Re: latest draft - content-transfer-encoding

It seems I was composing two replies at the same time and got the recipients
transposed. My apologies -- it is late and I'm a little dazed.

Here's the reply that should have gone back to you.

I agree that UTF *could* be treated as a character set.  However it
also has properties similar to a transfer encoding.


Similar to in the sense that it's a mapping, maybe, but it is definitely
definitely not the same. Generally speaking, a transfer encoding is a mechanism
that maps a byte stream into a format that's compatible with the RFC822 concept
of text. The only exception to this notion is the handling of end-of-line
boundaries, and the decision was made in Sante Fe to force these things to be
in-band, so they now amount to no exception at all.

UTF is a mechanism for representing a specific set of characters as a byte
stream. While it is true that you could use it as an encoding mechanism to map
(and maybe compress in some cases but certainly not all) arbitrary 32-bit
quantities into a byte stream, this still does not satisfy the definition of a
transfer encoding -- the domain of the mapping is completely different and so
is the range!

Mathematically speaking, UTF is about as similar to a transfer encoding as the
sine function is to the set of all diophantine functions. They are all
mappings, but they serve completely different purposes, operate on completely
different inputs, and produce outputs with completely different
characteristics.

When I have a
10646 editor (for mail), I think I would prefer that it be encoded in
UTF for transmition (over the eventual 8 bit connection).

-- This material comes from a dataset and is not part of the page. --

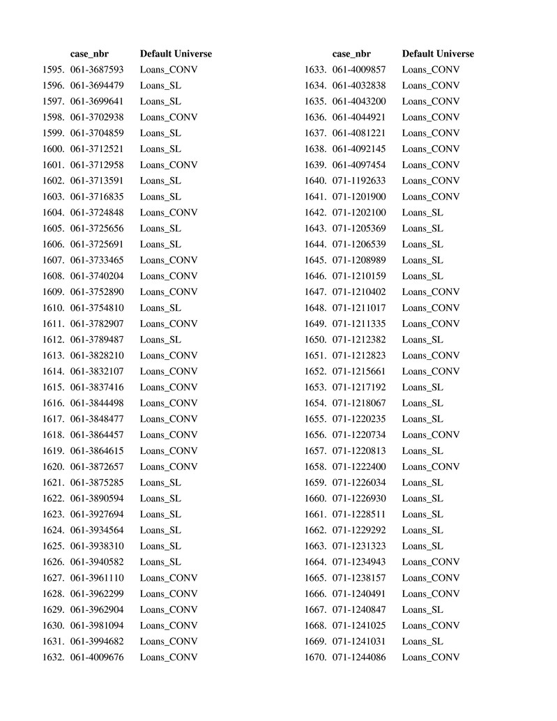 case_nbr Default Universe 1595. 061-3687593 Loans_CONV 1596. 061-3694479 Loans_SL 1597. 061-3699641 Loans_SL 1598. 061-3702938 Loans_CONV 1599. 061-3704859 Loans_SL 1600. 061-3712521 Loans_SL 1601. 061-3712958 Loans_CONV 1602. 061-3713591 Loans_SL 1603. 061-3716835 Loans_SL 1604. 061-3724848 Loans_CONV 1605. 061-3725656 Loans_SL 1606. 061-3725691 Loans_SL 1607. 061-3733465 Loans_CONV 1608. 061-3740204 Loans_CONV 1609. 061-3752890 Loans_CONV 1610. 061-3754810 Loans_SL 1611. 061-3782907 Loans_CONV 1612. 061-3789487 Loans_SL 1613. 061-3828210 Loans_CONV 1614. 061-3832107 Loans_CONV 1615. 061-3837416 Loans_CONV 1616. 061-3844498 Loans_CONV 1617. 061-3848477 Loans_CONV 1618. 061-3864457 Loans_CONV 1619. 061-3864615 Loans_CONV 1620. 061-3872657 Loans_CONV 1621. 061-3875285 Loans_SL 1622. 061-3890594 Loans_SL 1623. 061-3927694 Loans_SL 1624. 061-3934564 Loans_SL 1625. 061-3938310 Loans_SL 1626. 061-3940582 Loans_SL 1627. 061-3961110 Loans_CONV 1628. 061-3962299 Loans_CONV 1629. 061-3962904 Loans_CONV 1630. 061-3981094 Loans_CONV 1631. 061-3994682 Loans_CONV 1632. 061-4009676 Loans_CONV case_nbr Default Universe 1633. 061-4009857 Loans_CONV 1634. 061-4032838 Loans_CONV 1635. 061-4043200 Loans_CONV 1636. 061-4044921 Loans_CONV 1637. 061-4081221 Loans_CONV 1638. 061-4092145 Loans_CONV 1639. 061-4097454 Loans_CONV 1640. 071-1192633 Loans_CONV 1641. 071-1201900 Loans_CONV 1642. 071-1202100 Loans_SL 1643. 071-1205369 Loans_SL 1644. 071-1206539 Loans_SL 1645. 071-1208989 Loans_SL 1646. 071-1210159 Loans_SL 1647. 071-1210402 Loans_CONV 1648. 071-1211017 Loans_CONV 1649. 071-1211335 Loans_CONV 1650. 071-1212382 Loans_SL 1651. 071-1212823 Loans_CONV 1652. 071-1215661 Loans_CONV 1653. 071-1217192 Loans_SL 1654. 071-1218067 Loans_SL 1655. 071-1220235 Loans_SL 1656. 071-1220734 Loans_CONV 1657. 071-1220813 Loans_SL 1658. 071-1222400 Loans_CONV 1659. 071-1226034 Loans_SL 1660. 071-1226930 Loans_SL 1661. 071-1228511 Loans_SL 1662. 071-1229292 Loans_SL 1663. 071-1231323 Loans_SL 1664. 071-1234943 Loans_CONV 1665. 071-1238157 Loans_CONV 1666. 071-1240491 Loans_CONV 1667. 071-1240847 Loans_SL 1668. 071-1241025 Loans_CONV 1669. 071-1241031 Loans_SL 1670. 071-1244086 Loans_CONV
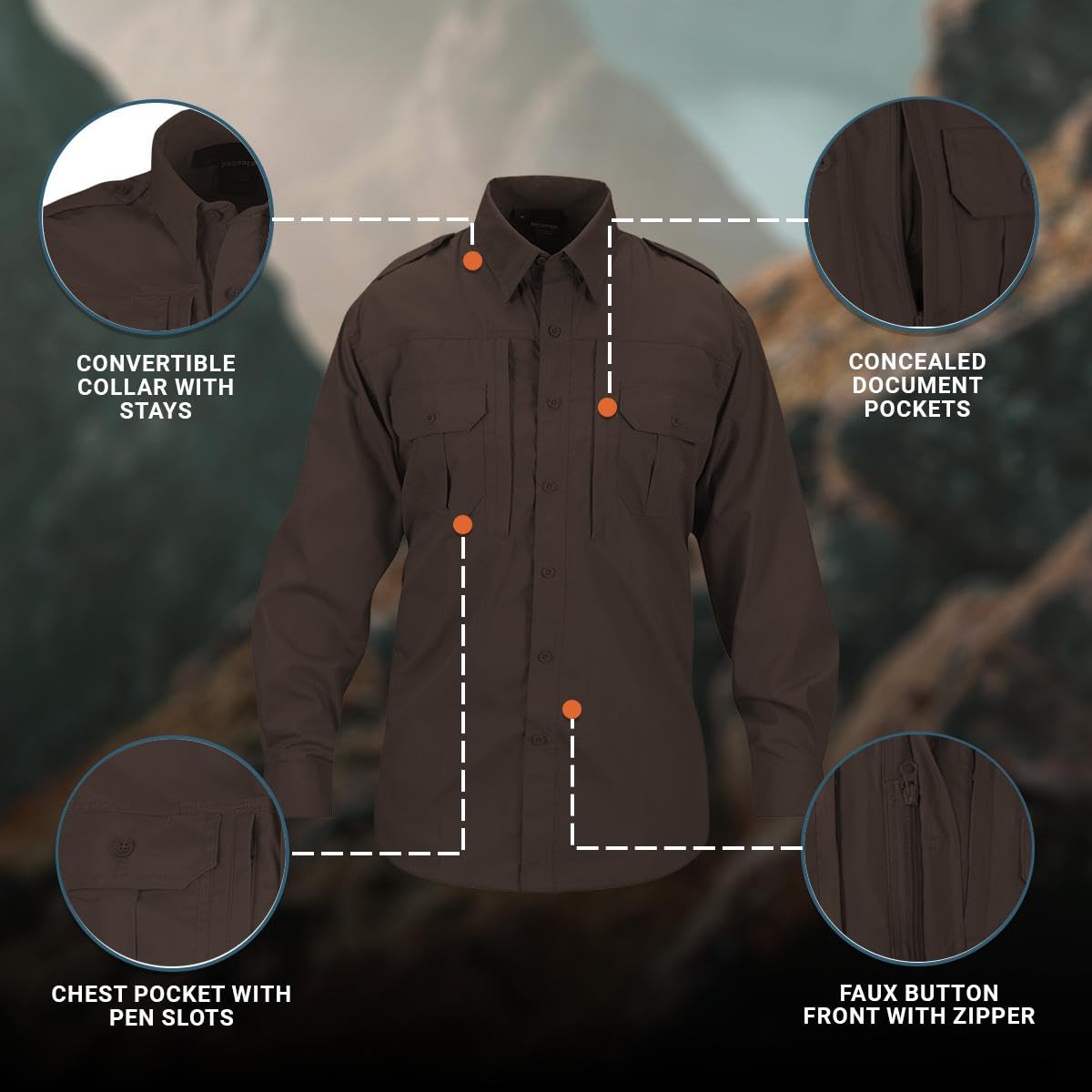 SMART DESIGN: The Propper Long Sleeve Tactical Shirt is made with 65% polyester 35% cotton lightweight ripstop and has a clever concealed zipper front closure hidden behind a traditional button placket faΓ§ade

You cannot assume the connection is 8-bit. This was an axiomatic basis of the
MIME work.

That way
when it is received by someone with the same mail handling facilities
I have, it would be automatically unencoded.


This sounds nice in principle, but it begs the question of whether anyone will
ever use UTF, and, for that matter, whether UTF will be adopted as a standard
of any kind whatsoever. Look what happened to the mappings specified in the
first DIF 10646.

If it is handled as
a character set, not a transfer encoding, then the user has to do the
character set transformation explicity.


There's nothing that says this has to be the way things are implemented. In
fact, I would find such an implementation totally unacceptable. I can only
speak of my own implementation of MIME, but in it character set translations
are performed automatically; there is no need for the user to do anything at
all aside from the need to specify (once) what transformations are to take place
and when. (The system manager will usually do most of this on behalf of the
users, but that's a local configuration issue well beyond the scope of this
discussion.)

This point has nothing to do with UTF anyway -- at present UTF is nothing more
than a promising, but distant, spectre on the horizon. It may loom larger some
day, but in order for this to happen depends on at least two things. One, it
has to make it to full IS status. Two, it has to be widely implemented. It all
depends on who you talk to, but I hear noises that certainly seem to indicate
that there's going to be substantial opposition to both of these things
happening. Others, of course, say different things, but the point I'm trying to
make is that the future is far from certain and I for one don't care to commit
to one particular view of what the future may bring.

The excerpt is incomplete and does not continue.